I am going to be blunt here: this book really needed to have been vetted by someone scientifically literate, to avoid howlers like M‑class, yellow, like Earth’s sun” and It’s reading gravity on the scale of Nevermore, though it’s not near the size or density. Or the orbital speed to make up for either.” Even for a science fantasy, the worldbuilding seemed pretty shaky. 

Rama’s overpowering, plot-breaking abilities have ample precedent in science fiction, from Kimball Kinnison to Telzy to Bolt. In fact, there’s not a single criticism of Rama I could not also make of Flinx … and I reviewed one of the Flinx books fairly favourably. I am afraid I was disappointed. Rama never seemed remotely human or appealing. I had hoped that Rama would be at least a little shaken when midway through the book he gets drafted as an ad hoc pied piper, but no such luck. Ah well.

The book is strongest when it focuses on its most human characters: Aisha, who is afraid she and her family will be forced to leave the only planet she knows, is an appealing protagonist. Her aunt Khalida, on leave following a mission that went horribly pear-shaped to the tune of a quarter million dead, is vividly depicted. The two characters are linked, not only by biology, but by the challenges they face. Aisha is afraid of change, and Psycorps tests, precisely because of her aunt’s horrific experiences.

Despite my caveats, I would recommend this book as absorbing. This would be a good time to buy Forgotten Suns, since the author is having some difficulties of late:

Right now I do not know how I’m going to feed the horses for the rest of the month. I have managed to scrape out enough to pay for the last load of hay (if that late check finally gets here), but once it’s eaten, which it will be in about ten days, I don’t know what I’m going to do. The farm will be gone by midsummer unless I find a steady source of sufficient income. I’ve been hustling like a hustling thing but so far with minimal results.
The market does not want either me or the horses. The horses are all old and therefore retired and unsalable, or else would require thousands of dollars’ worth of training and show fees to have any sale value.

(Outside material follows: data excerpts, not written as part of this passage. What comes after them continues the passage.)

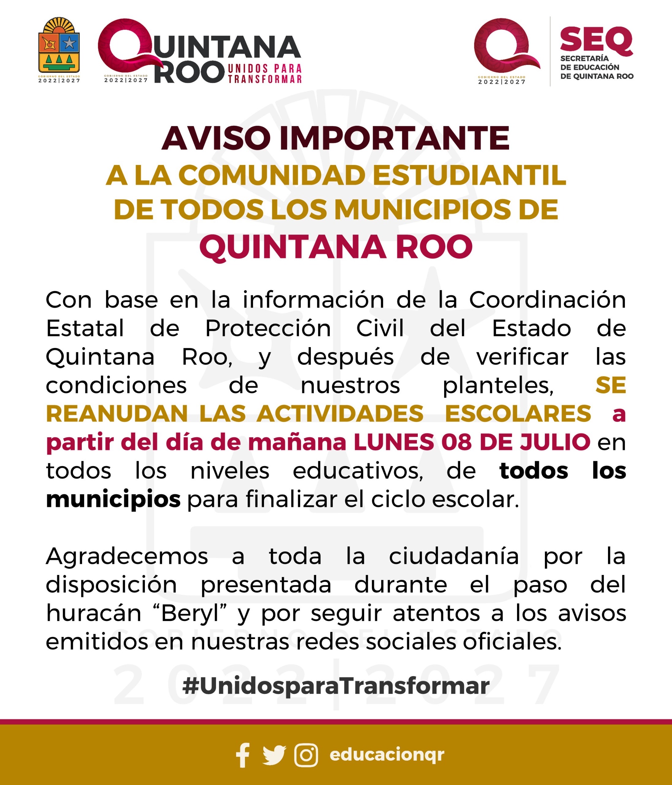 Chetumal.- Este lunes 8 de julio se reanudarán las actividades escolares en todos los niveles educativos de los 11 municipios del estado para finalizar el ciclo escolar, luego de haberse suspendido como medida preventiva por el paso del huracán “Beryl”, anunció la gobernadora Mara Lezama Espinosa.
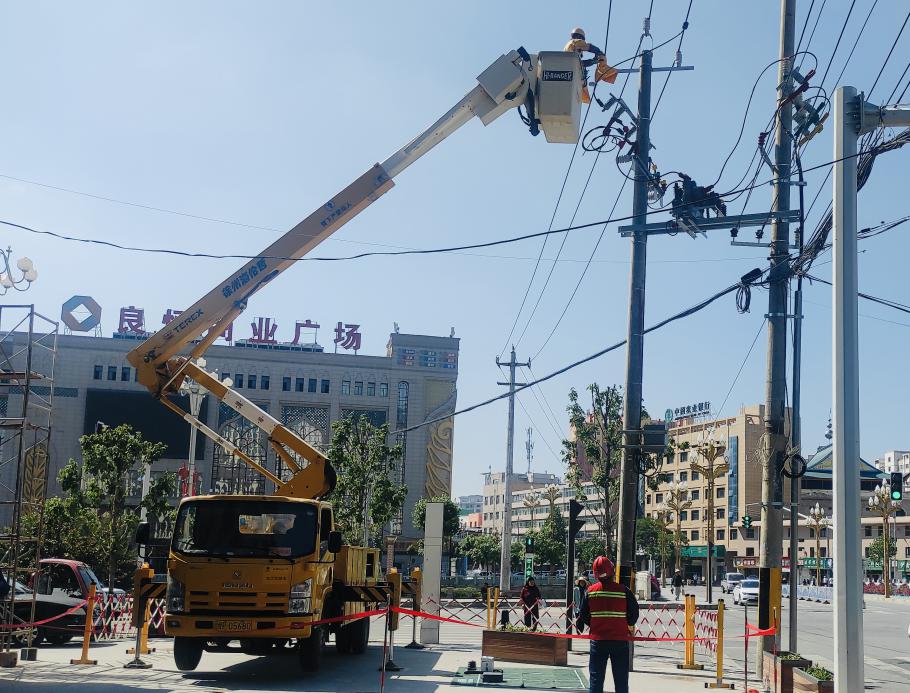 当天10时许,1台绝缘斗臂车驶入作业区域,经过现场的再次仔细勘查后,按照制定计划方案,工作人员分头行动,一方面引导车辆和行人避让,另一方面工作人员安装带电作业车的接地线,设置安全警示围栏及标识,检查工器具并穿戴好防护用具,争分夺秒进行作业。
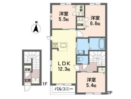 | 詳細間取 | 3LDK (洋6.6帖×1、洋5.5帖×1、5.4帖×1、LDK12.3帖) | ||
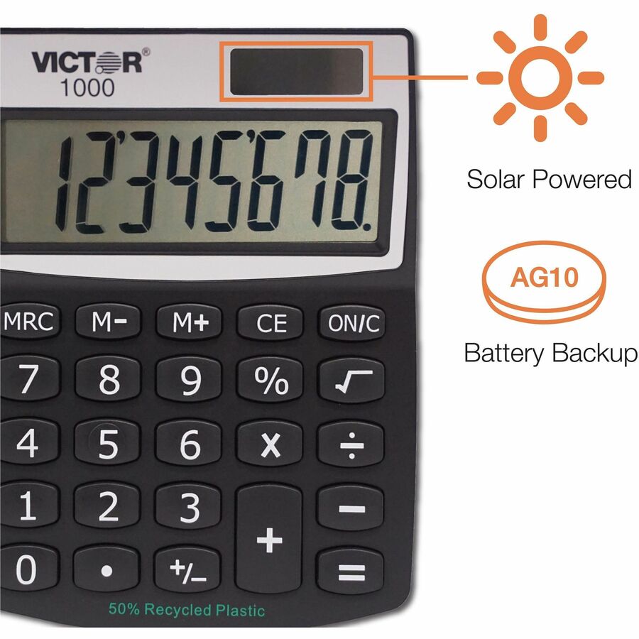 Victor 1000 Mini Desktop Calculator - Large LCD, Battery Backup, Independent Memory, Plastic Key, Dual Power - 0.71" - 8 Digits - LCD - Battery/Solar Powered - 0.5" Height x 3.3" Width x 4.3" Depth - Black - Plastic - 1 Each
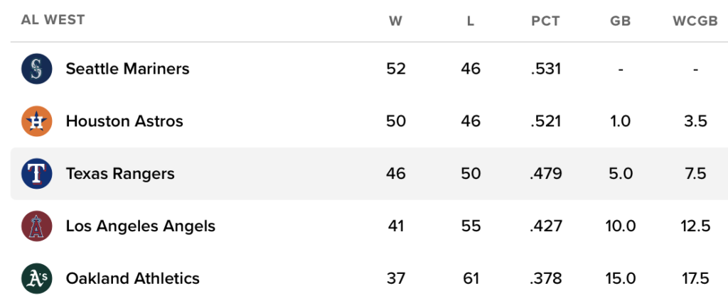 So, it means the only way the Rangers have a legitimate shot at making the playoffs is winning the A.L. West. It’s the weakest of the six divisions. Seattle is leading but Seattle is Seattle and Seattle will always be Seattle and that means Seattle will cough up the lead very soon. Currently they lead Houston by one game and play Houston three games right after the All-Star break.
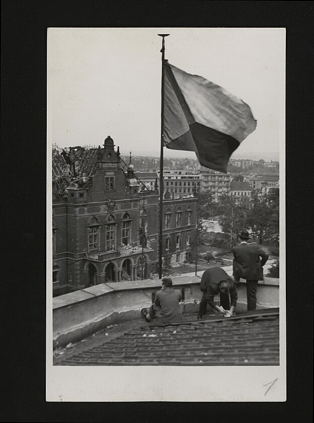 Československá vlajka na tehdejším Německém domě v místech dnešního Moravského náměstí v Brně.
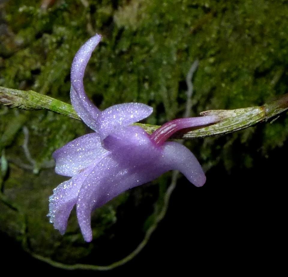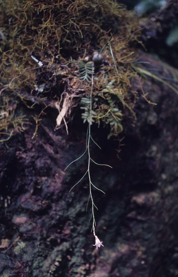 Found in Java, Sumatra and Borneo in lower montane mossy forests at elevations of 1200 to 1700 meters as a medium sized, cool growing epiphyte with pendent, basally globose, thin, elongate stems carrying spreading, linear to almost terete, channeled on upper side, decreasing in size towards the apex leaves that blooms in the spring on an apical, very short, successively single flowered inflorescence and carrying ephemeral flowers
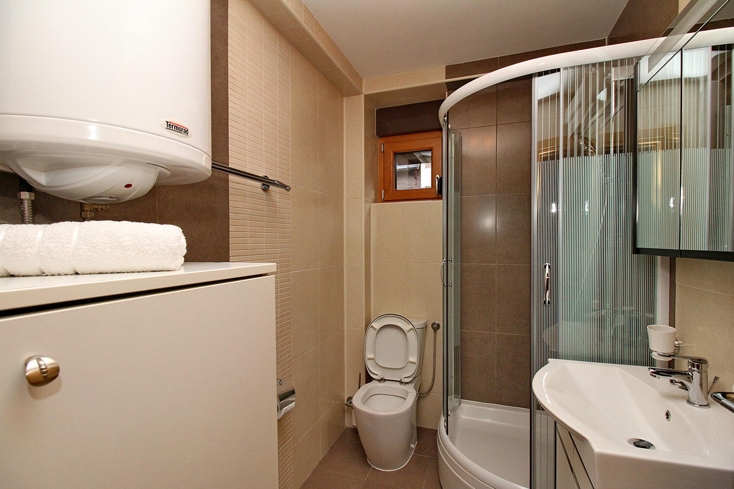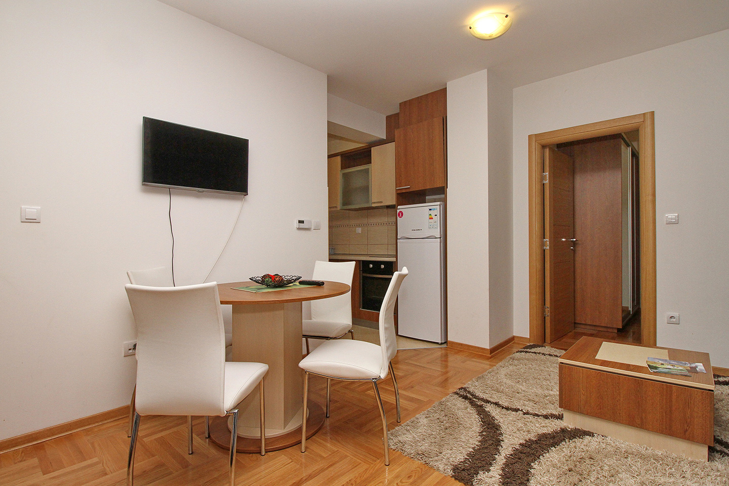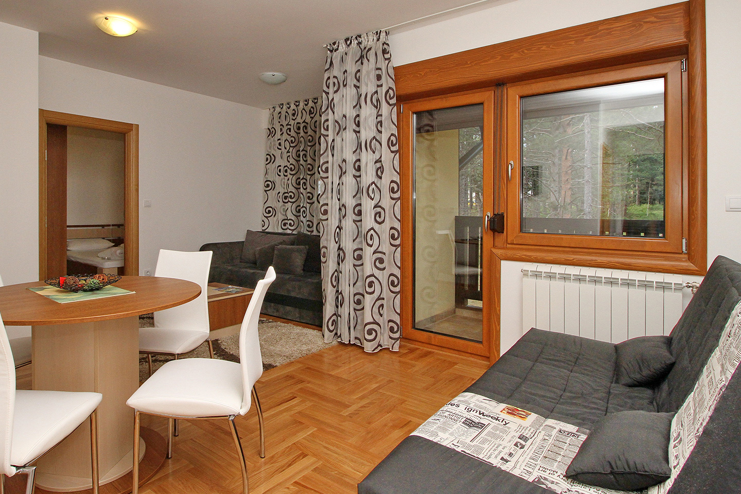 Opis Luksuzno opremljena kuhinja, spavaća soba sa francuskim ležajem, kupatilo i terasa sa pogledom na borove šume, dnevni boravak, kapacitet apartmana 5 osoba.
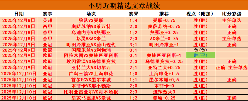 【上期回顾】全胜!全胜!全胜!昨文章5场全胜,申花、墨尔本城、曼城、本菲卡、黄潜大全出。6连胜,本周3天13胜12,五星2场也全对,五星近7胜6。这一周朋友们大丰收,今天继续一起冲!
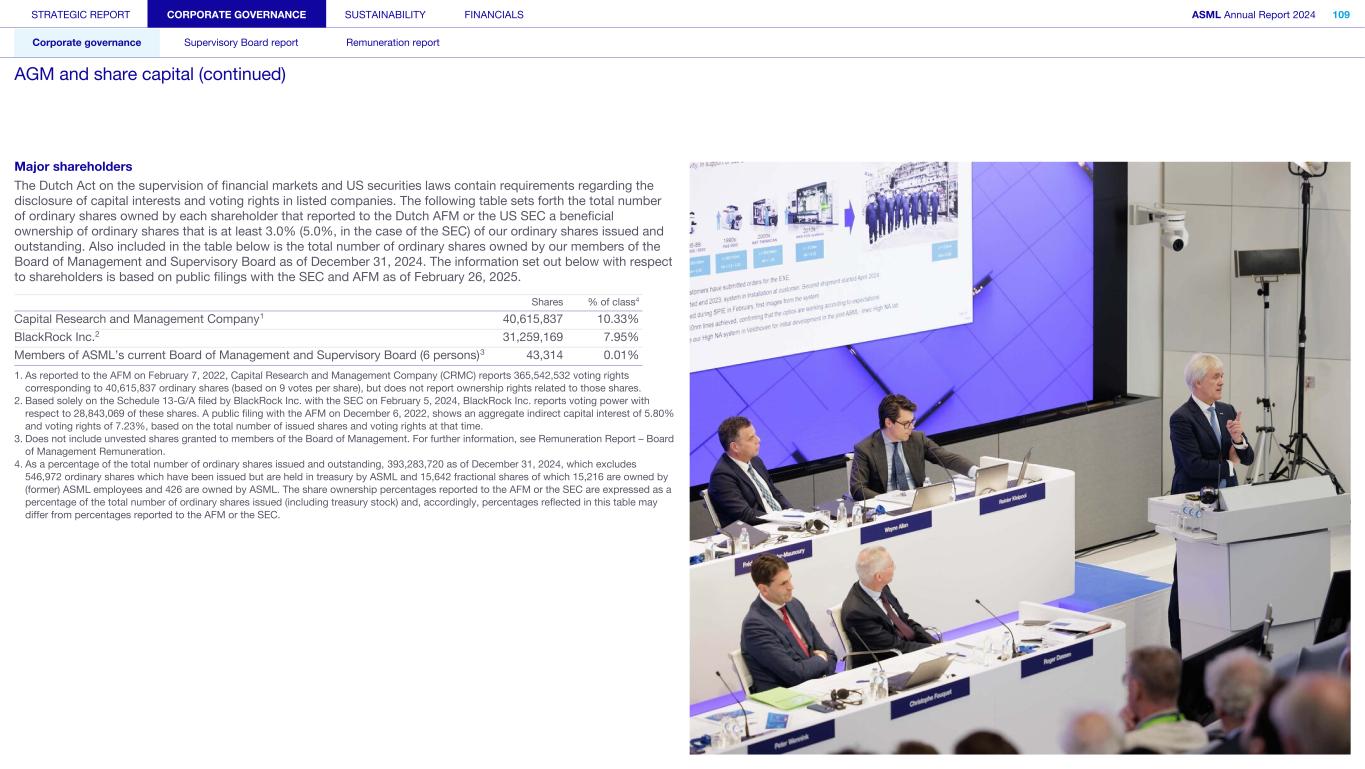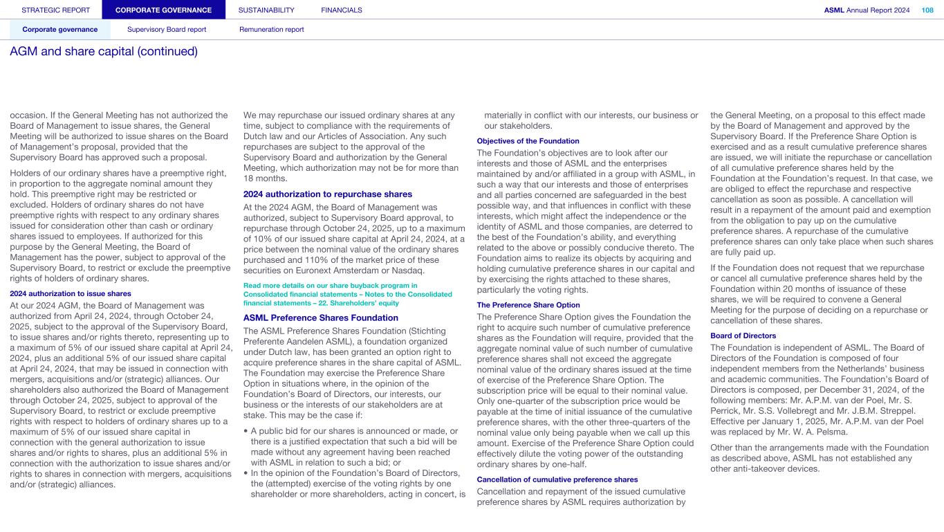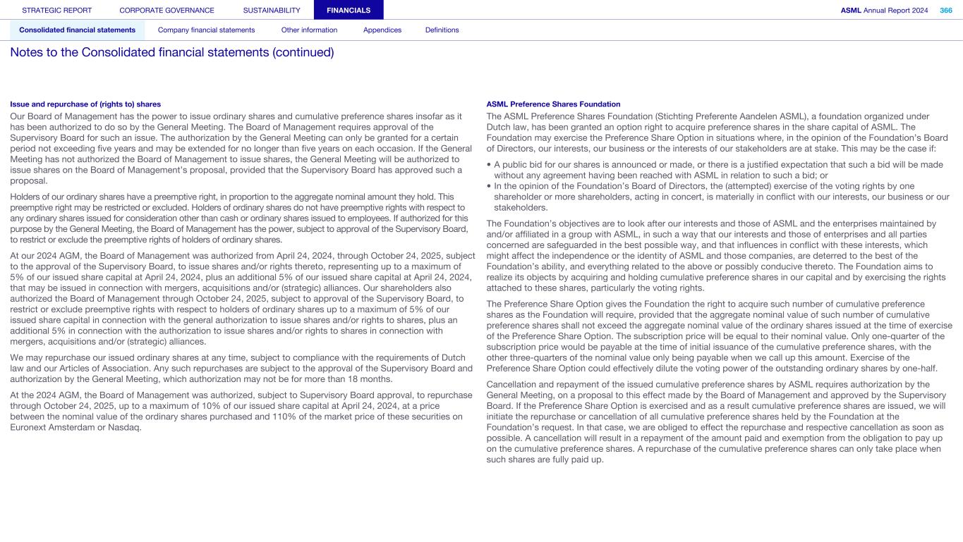 Issue and repurchase of (rights to) shares Our Board of Management has the power to issue ordinary shares and cumulative preference shares insofar as it has been authorized to do so by the General Meeting. The Board of Management requires approval of the Supervisory Board for such an issue. The authorization by the General Meeting can only be granted for a certain period not exceeding five years and may be extended for no longer than five years on each occasion. If the General Meeting has not authorized the Board of Management to issue shares, the General Meeting will be authorized to issue shares on the Board of Management’s proposal, provided that the Supervisory Board has approved such a proposal. Holders of our ordinary shares have a preemptive right, in proportion to the aggregate nominal amount they hold. This preemptive right may be restricted or excluded. Holders of ordinary shares do not have preemptive rights with respect to any ordinary shares issued for consideration other than cash or ordinary shares issued to employees. If authorized for this purpose by the General Meeting, the Board of Management has the power, subject to approval of the Supervisory Board, to restrict or exclude the preemptive rights of holders of ordinary shares. At our 2024 AGM, the Board of Management was authorized from April 24, 2024, through October 24, 2025, subject to the approval of the Supervisory Board, to issue shares and/or rights thereto, representing up to a maximum of 5% of our issued share capital at April 24, 2024, plus an additional 5% of our issued share capital at April 24, 2024, that may be issued in connection with mergers, acquisitions and/or (strategic) alliances. Our shareholders also authorized the Board of Management through October 24, 2025, subject to approval of the Supervisory Board, to restrict or exclude preemptive rights with respect to holders of ordinary shares up to a maximum of 5% of our issued share capital in connection with the general authorization to issue shares and/or rights to shares, plus an additional 5% in connection with the authorization to issue shares and/or rights to shares in connection with mergers, acquisitions and/or (strategic) alliances. We may repurchase our issued ordinary shares at any time, subject to compliance with the requirements of Dutch law and our Articles of Association. Any such repurchases are subject to the approval of the Supervisory Board and authorization by the General Meeting, which authorization may not be for more than 18 months. At the 2024 AGM, the Board of Management was authorized, subject to Supervisory Board approval, to repurchase through October 24, 2025, up to a maximum of 10% of our issued share capital at April 24, 2024, at a price between the nominal value of the ordinary shares purchased and 110% of the market price of these securities on Euronext Amsterdam or Nasdaq. ASML Preference Shares Foundation The ASML Preference Shares Foundation (Stichting Preferente Aandelen ASML), a foundation organized under Dutch law, has been granted an option right to acquire preference shares in the share capital of ASML. The Foundation may exercise the Preference Share Option in situations where, in the opinion of the Foundation’s Board of Directors, our interests, our business or the interests of our stakeholders are at stake. This may be the case if: • A public bid for our shares is announced or made, or there is a justified expectation that such a bid will be made without any agreement having been reached with ASML in relation to such a bid; or • In the opinion of the Foundation’s Board of Directors, the (attempted) exercise of the voting rights by one shareholder or more shareholders, acting in concert, is materially in conflict with our interests, our business or our stakeholders. The Foundation’s objectives are to look after our interests and those of ASML and the enterprises maintained by and/or affiliated in a group with ASML, in such a way that our interests and those of enterprises and all parties concerned are safeguarded in the best possible way, and that influences in conflict with these interests, which might affect the independence or the identity of ASML and those companies, are deterred to the best of the Foundation’s ability, and everything related to the above or possibly conducive thereto. The Foundation aims to realize its objects by acquiring and holding cumulative preference shares in our capital and by exercising the rights attached to these shares, particularly the voting rights. The Preference Share Option gives the Foundation the right to acquire such number of cumulative preference shares as the Foundation will require, provided that the aggregate nominal value of such number of cumulative preference shares shall not exceed the aggregate nominal value of the ordinary shares issued at the time of exercise of the Preference Share Option. The subscription price will be equal to their nominal value. Only one-quarter of the subscription price would be payable at the time of initial issuance of the cumulative preference shares, with the other three-quarters of the nominal value only being payable when we call up this amount. Exercise of the Preference Share Option could effectively dilute the voting power of the outstanding ordinary shares by one-half. Cancellation and repayment of the issued cumulative preference shares by ASML requires authorization by the General Meeting, on a proposal to this effect made by the Board of Management and approved by the Supervisory Board. If the Preference Share Option is exercised and as a result cumulative preference shares are issued, we will initiate the repurchase or cancellation of all cumulative preference shares held by the Foundation at the Foundation’s request. In that case, we are obliged to effect the repurchase and respective cancellation as soon as possible. A cancellation will result in a repayment of the amount paid and exemption from the o

No one can take them. The market is saturated with unwanted horses and the rescues are overloaded. I am over 60, hearing impaired (ergo, unable to use the phone), and with chronic fatigue syndrome which makes office or minimum-wage work difficult to impossible. And minimum wage would not support the animals, let alone me. All my income streams from backlist books, editing, writing, etc. have shrunk to a trickle or dried up. No one has booked a Camp in over a year.

Forgotten Suns and other Judith Tarr books may be purchased in non-DRMed ebook form at Bookview Cafe.

1: Yeah, I spent more time than I should have checking to see if there is a direct link between Tarr and Norton. They definitely were in the same general SF community and they appeared in at least one anthology together. But if there is a direct connection between Tarr and Norton along the lines of, say, Smith and Norton or McConchie and Norton, I could not find it.